J’accélère encore un peu le pas dans l’atmosphère glauque de la rue. Quelle idée stupide aussi que de rentrer à pied, surtout que ma résidence n’est pas toute proche du centre-ville. Mais la soirée d’intégration des premières années s'est finie tard. Les bus ne circulaient plus et comme le taxi coûte trop cher pour l’étudiante fauchée que je suis… Je souris un peu en repensant à notre soirée. Depuis longtemps, les deuxièmes années de notre école préparatoire organisent une soirée d’intégration pour les nouveaux élèves qui débarquent tout juste du lycée. Au programme, nul bizutage mais des petits défis amusants et un repas au restaurant en présence de nos professeurs. Bref, le meilleur moyen de nouer des liens entre deux classes qui se fréquentent peu pendant l’année.

Alors que je rêvasse, j’entends un bruit de pas dans mon dos. Je me retourne, légèrement angoissée, pour découvrir qu’un jeune homme d'une vingtaine d'année marche à six mètres derrière moi. Il porte un sweat-shirt noir dont la capuche est remontée sur ses cheveux. Je crois voir de là d’où je suis qu’il porte des écouteurs. Cependant, il n’a pas l’air de s’intéresser à moi.

Je me détourne, un peu mal à l’aise, et tente de me rassurer : je ne suis certainement pas la seule personne à rentrer à onze heures du soir. Par ailleurs, la rue que je longe est assez fréquentée même à cette heure-ci.

« Espèce de parano… » Je chuchote.

Il faut dire que, venant de la campagne, je ne suis pas une habituée des promenades en ville, et certainement pas en pleine nuit, ce qui explique mes nerfs un peu à vif.

Je continue de marcher un moment avant d’arriver à une intersection. Là, j’hésite quelques instants. En prenant à droite, je raccourcis d’au moins dix minutes mon trajet mais cela nécessite que j’emprunte une rue plus sombre, plus sinistre et dans laquelle les voitures et les passants sont plus rare à cette heure.

Pendant que je tergiverse, en proie au doute, l’homme de tout à l’heure me dépasse sans un regard dans ma direction.

Désormais sûre de ne pas être suivie pas un psychopathe pervers, je décide de tourner à droite, trop pressée de retrouver la chaleur de ma chambre et de plonger sous mes draps pour une courte nuit de sommeil.

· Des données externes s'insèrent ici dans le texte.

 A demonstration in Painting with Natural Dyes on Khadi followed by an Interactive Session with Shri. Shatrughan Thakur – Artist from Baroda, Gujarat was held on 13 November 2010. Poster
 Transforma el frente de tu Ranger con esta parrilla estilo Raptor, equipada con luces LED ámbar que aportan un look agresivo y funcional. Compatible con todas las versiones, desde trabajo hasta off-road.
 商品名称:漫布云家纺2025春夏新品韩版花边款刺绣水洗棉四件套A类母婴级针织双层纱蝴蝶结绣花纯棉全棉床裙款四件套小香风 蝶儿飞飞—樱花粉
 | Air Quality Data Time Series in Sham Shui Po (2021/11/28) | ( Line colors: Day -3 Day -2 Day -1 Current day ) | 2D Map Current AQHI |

Je marche d’un bon pas malgré la pente raide, désireuse de gagner l’avenue éclairée et fréquentée un peu plus haut. Je n’en suis plus qu’à quelques mètres lorsque j’entends une voiture dans mon dos. Celle-ci ralentit pour se porter à mon niveau. Il s’agit d’une voiture assez banale, grise, aux vitres teintées. Lorsque la vitre côté conducteur s’abaisse, je m’éloigne instinctivement pour me mettre hors de portée.

Le conducteur, un homme d’une trentaine d’années, se penche vers la vitre et m’interpelle :

« Mademoiselle ! Excusez-moi de vous déranger, pourriez-vous m’indiquer la rue Jean Moulin s’il vous plait ?

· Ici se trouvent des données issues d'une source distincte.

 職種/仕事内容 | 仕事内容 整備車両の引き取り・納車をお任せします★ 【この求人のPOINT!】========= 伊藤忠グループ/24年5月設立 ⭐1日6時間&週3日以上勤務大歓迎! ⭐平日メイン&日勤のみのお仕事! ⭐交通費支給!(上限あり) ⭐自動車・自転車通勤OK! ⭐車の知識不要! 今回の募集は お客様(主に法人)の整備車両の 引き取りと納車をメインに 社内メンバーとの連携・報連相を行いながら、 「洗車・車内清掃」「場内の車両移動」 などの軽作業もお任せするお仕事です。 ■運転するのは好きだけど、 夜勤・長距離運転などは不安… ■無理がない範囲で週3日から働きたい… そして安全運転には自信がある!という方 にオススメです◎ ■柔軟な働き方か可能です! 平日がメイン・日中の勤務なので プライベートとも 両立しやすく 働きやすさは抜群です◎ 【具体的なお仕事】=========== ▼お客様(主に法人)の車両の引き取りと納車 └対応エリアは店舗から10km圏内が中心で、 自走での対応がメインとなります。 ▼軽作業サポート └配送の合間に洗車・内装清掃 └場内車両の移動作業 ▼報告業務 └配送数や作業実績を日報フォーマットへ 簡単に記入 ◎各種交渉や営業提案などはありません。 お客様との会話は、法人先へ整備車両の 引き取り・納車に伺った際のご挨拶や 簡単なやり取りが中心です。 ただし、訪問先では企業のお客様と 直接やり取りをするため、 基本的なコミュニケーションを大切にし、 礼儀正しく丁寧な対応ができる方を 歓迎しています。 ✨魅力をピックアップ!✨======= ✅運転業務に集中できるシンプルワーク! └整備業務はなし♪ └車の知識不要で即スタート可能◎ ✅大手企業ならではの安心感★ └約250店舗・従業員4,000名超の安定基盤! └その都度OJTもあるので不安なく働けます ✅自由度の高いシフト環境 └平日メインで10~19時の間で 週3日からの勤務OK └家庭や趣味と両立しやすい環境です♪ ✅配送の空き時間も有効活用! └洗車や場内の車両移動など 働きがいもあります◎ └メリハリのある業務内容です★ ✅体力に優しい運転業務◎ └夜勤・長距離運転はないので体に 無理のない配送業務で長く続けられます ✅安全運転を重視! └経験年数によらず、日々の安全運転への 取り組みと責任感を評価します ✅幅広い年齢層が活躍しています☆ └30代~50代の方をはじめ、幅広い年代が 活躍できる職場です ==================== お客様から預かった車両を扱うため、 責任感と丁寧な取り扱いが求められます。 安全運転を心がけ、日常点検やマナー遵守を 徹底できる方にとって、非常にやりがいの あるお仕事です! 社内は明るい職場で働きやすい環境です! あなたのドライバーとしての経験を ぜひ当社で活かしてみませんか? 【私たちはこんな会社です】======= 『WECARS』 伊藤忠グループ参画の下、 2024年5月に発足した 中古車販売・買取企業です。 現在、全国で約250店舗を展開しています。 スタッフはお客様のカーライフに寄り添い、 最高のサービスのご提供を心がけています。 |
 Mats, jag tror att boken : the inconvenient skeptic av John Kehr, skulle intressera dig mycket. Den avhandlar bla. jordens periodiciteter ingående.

- Heu… Non désolée. Je ne suis pas d’ici.

- Ah… Et la place Gambetta ?

- Non plus, désolée. Je ne connais pas bien la ville. »

L’homme a l’air bien embêté.

« Je tourne en rond depuis au moins dix minutes. Pardonnez-moi si j’abuse de votre temps mais auriez-vous un portable et une connexion internet pour chercher la bonne direction ? »

Ça m’embête mais je décide quand même de l’aider. A moi aussi il m’est arrivée de me perdre. C’était quelques mois après m’être installée en ville et cette fois-là, j’étais bien contente que quelqu’un m’aide à retrouver mon chemin.

Je sors mon portable, tape Place Gambetta dans le moteur de recherche et cherche l’itinéraire le plus court à partir de notre position.

Lorsque ce dernier s’affiche sur mon écran, je m’approche instinctivement de la voiture pour le montrer au conducteur.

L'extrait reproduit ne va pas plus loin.